Top of Information provided
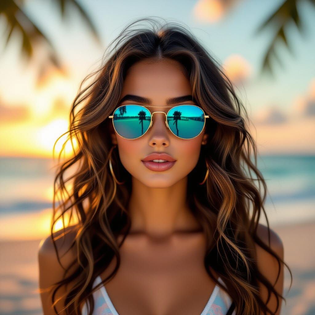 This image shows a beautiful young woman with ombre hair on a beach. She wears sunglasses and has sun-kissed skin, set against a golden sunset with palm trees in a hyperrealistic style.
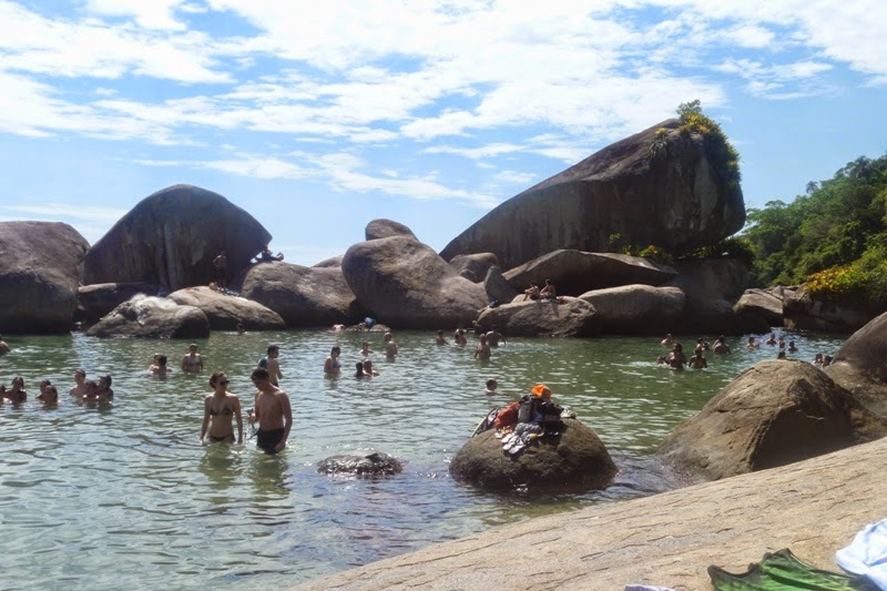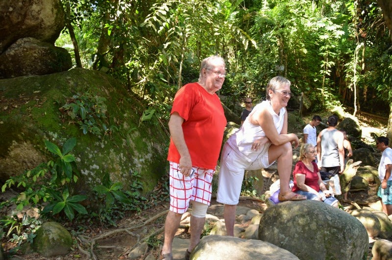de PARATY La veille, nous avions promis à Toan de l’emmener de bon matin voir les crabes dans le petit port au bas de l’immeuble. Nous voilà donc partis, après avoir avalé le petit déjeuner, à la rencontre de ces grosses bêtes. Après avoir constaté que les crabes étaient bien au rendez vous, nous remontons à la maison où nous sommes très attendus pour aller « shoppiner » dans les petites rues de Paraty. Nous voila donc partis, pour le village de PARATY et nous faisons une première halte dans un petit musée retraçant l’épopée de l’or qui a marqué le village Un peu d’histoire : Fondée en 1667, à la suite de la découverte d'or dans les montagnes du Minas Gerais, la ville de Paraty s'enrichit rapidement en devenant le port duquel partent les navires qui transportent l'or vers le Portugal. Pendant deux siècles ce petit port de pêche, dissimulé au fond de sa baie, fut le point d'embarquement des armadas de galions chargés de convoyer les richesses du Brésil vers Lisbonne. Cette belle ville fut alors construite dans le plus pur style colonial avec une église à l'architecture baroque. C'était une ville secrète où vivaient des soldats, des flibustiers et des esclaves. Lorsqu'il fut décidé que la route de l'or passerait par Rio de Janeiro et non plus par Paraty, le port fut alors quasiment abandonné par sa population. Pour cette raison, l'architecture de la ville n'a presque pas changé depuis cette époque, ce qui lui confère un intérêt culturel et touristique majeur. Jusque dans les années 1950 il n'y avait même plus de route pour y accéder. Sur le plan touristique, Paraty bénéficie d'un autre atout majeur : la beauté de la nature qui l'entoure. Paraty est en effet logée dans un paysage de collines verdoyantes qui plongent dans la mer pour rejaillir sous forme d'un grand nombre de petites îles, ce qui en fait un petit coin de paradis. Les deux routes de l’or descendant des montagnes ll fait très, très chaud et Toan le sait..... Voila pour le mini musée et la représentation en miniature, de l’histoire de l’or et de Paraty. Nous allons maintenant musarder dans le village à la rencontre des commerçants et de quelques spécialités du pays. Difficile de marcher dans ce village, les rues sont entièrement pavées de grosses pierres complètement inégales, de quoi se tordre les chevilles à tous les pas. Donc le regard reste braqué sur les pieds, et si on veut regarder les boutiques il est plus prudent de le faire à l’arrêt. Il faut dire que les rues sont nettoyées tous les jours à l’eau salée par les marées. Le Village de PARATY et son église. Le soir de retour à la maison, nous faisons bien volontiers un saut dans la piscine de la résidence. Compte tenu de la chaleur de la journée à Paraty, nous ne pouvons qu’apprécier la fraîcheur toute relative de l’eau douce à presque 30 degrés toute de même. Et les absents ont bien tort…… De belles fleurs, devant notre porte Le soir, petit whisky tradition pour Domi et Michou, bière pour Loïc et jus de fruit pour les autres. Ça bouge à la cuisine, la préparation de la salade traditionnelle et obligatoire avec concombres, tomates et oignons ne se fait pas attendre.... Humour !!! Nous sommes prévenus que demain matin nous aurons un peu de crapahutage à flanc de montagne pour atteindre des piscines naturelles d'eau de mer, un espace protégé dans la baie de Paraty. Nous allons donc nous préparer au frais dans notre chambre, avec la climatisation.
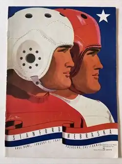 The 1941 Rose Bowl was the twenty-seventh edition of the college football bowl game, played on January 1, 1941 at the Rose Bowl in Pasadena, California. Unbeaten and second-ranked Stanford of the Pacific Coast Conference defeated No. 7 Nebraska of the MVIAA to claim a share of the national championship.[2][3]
Bottom of Information provided
Omit the pictures and give the material again, exactly and in full.

Answer section:
 This image shows a beautiful young woman with ombre hair on a beach. She wears sunglasses and has sun-kissed skin, set against a golden sunset with palm trees in a hyperrealistic style.
de PARATY La veille, nous avions promis à Toan de l’emmener de bon matin voir les crabes dans le petit port au bas de l’immeuble. Nous voilà donc partis, après avoir avalé le petit déjeuner, à la rencontre de ces grosses bêtes. Après avoir constaté que les crabes étaient bien au rendez vous, nous remontons à la maison où nous sommes très attendus pour aller « shoppiner » dans les petites rues de Paraty. Nous voila donc partis, pour le village de PARATY et nous faisons une première halte dans un petit musée retraçant l’épopée de l’or qui a marqué le village Un peu d’histoire : Fondée en 1667, à la suite de la découverte d'or dans les montagnes du Minas Gerais, la ville de Paraty s'enrichit rapidement en devenant le port duquel partent les navires qui transportent l'or vers le Portugal. Pendant deux siècles ce petit port de pêche, dissimulé au fond de sa baie, fut le point d'embarquement des armadas de galions chargés de convoyer les richesses du Brésil vers Lisbonne. Cette belle ville fut alors construite dans le plus pur style colonial avec une église à l'architecture baroque. C'était une ville secrète où vivaient des soldats, des flibustiers et des esclaves. Lorsqu'il fut décidé que la route de l'or passerait par Rio de Janeiro et non plus par Paraty, le port fut alors quasiment abandonné par sa population. Pour cette raison, l'architecture de la ville n'a presque pas changé depuis cette époque, ce qui lui confère un intérêt culturel et touristique majeur. Jusque dans les années 1950 il n'y avait même plus de route pour y accéder. Sur le plan touristique, Paraty bénéficie d'un autre atout majeur : la beauté de la nature qui l'entoure. Paraty est en effet logée dans un paysage de collines verdoyantes qui plongent dans la mer pour rejaillir sous forme d'un grand nombre de petites îles, ce qui en fait un petit coin de paradis. Les deux routes de l’or descendant des montagnes ll fait très, très chaud et Toan le sait..... Voila pour le mini musée et la représentation en miniature, de l’histoire de l’or et de Paraty. Nous allons maintenant musarder dans le village à la rencontre des commerçants et de quelques spécialités du pays. Difficile de marcher dans ce village, les rues sont entièrement pavées de grosses pierres complètement inégales, de quoi se tordre les chevilles à tous les pas. Donc le regard reste braqué sur les pieds, et si on veut regarder les boutiques il est plus prudent de le faire à l’arrêt. Il faut dire que les rues sont nettoyées tous les jours à l’eau salée par les marées. Le Village de PARATY et son église. Le soir de retour à la maison, nous faisons bien volontiers un saut dans la piscine de la résidence. Compte tenu de la chaleur de la journée à Paraty, nous ne pouvons qu’apprécier la fraîcheur toute relative de l’eau douce à presque 30 degrés toute de même. Et les absents ont bien tort…… De belles fleurs, devant notre porte Le soir, petit whisky tradition pour Domi et Michou, bière pour Loïc et jus de fruit pour les autres. Ça bouge à la cuisine, la préparation de la salade traditionnelle et obligatoire avec concombres, tomates et oignons ne se fait pas attendre.... Humour !!! Nous sommes prévenus que demain matin nous aurons un peu de crapahutage à flanc de montagne pour atteindre des piscines naturelles d'eau de mer, un espace protégé dans la baie de Paraty. Nous allons donc nous préparer au frais dans notre chambre, avec la climatisation.
 The 1941 Rose Bowl was the twenty-seventh edition of the college football bowl game, played on January 1, 1941 at the Rose Bowl in Pasadena, California. Unbeaten and second-ranked Stanford of the Pacific Coast Conference defeated No. 7 Nebraska of the MVIAA to claim a share of the national championship.[2][3]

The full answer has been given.